Similar to providing multimodal inputs, you can also get multimodal outputs from an agent.
The following example demonstrates how to generate an image using an OpenAI tool with an agent.
from agno.agent import Agent
from agno.db.sqlite import SqliteDb
from agno.models.openai import OpenAIResponses
from agno.tools.openai import OpenAITools
from agno.utils.media import save_base64_data
agent = Agent(
model=OpenAIResponses(id="gpt-5.2"),
db=SqliteDb(db_file="tmp/test.db"),
tools=[OpenAITools(image_model="gpt-image-1")],
add_history_to_context=True,
markdown=True,
)
response = agent.run(
"Generate a photorealistic image of a cozy coffee shop interior",
)
if response.images and response.images[0].content:
save_base64_data(str(response.images[0].content), "tmp/coffee_shop.png")

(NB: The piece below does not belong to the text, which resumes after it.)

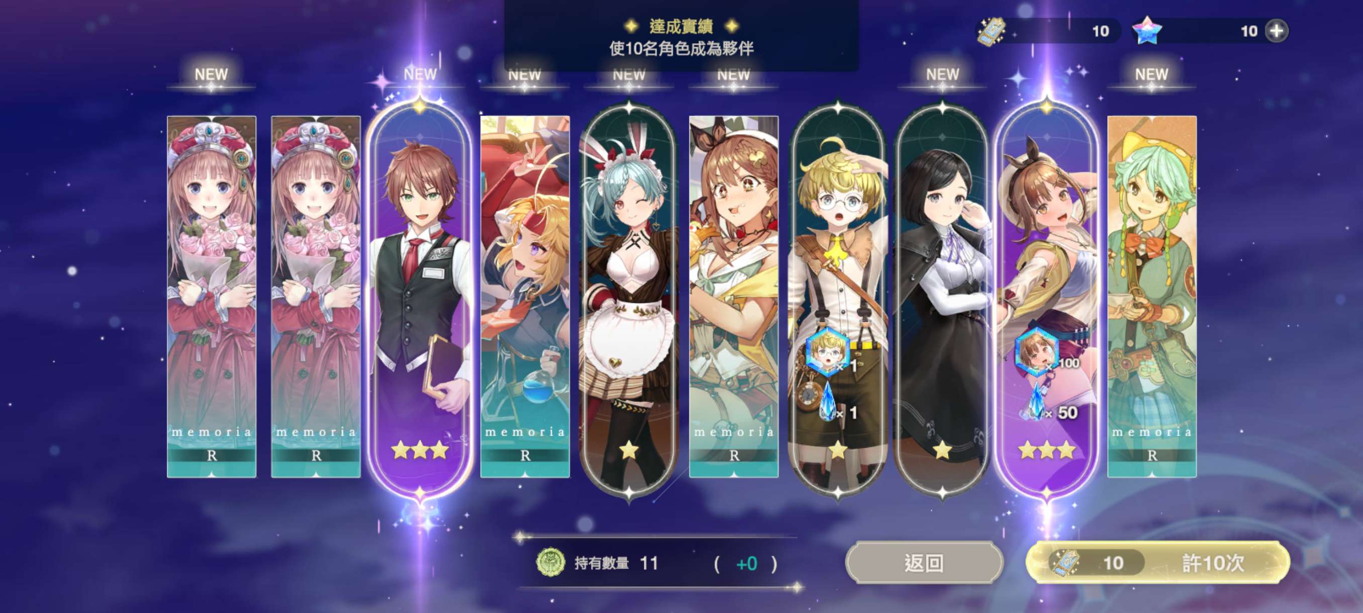 初始刷好了过来说一下,商店里3000钻可以买两发十连别忘了,绑定dc后又有一发十连,大家以抽出莱莎为开局出击吧!

The output of the tool generating a media also goes to the model’s input as a
message so it has access to the media (image, audio, video) and can use it in
the response. For example, if you say “Generate an image of a dog and tell me
its color.” the model will have access to the image and can use it to describe
the dog’s color in the response in the same run.That also means you can ask follow-up questions about the image, since it would be available in the history of the agent.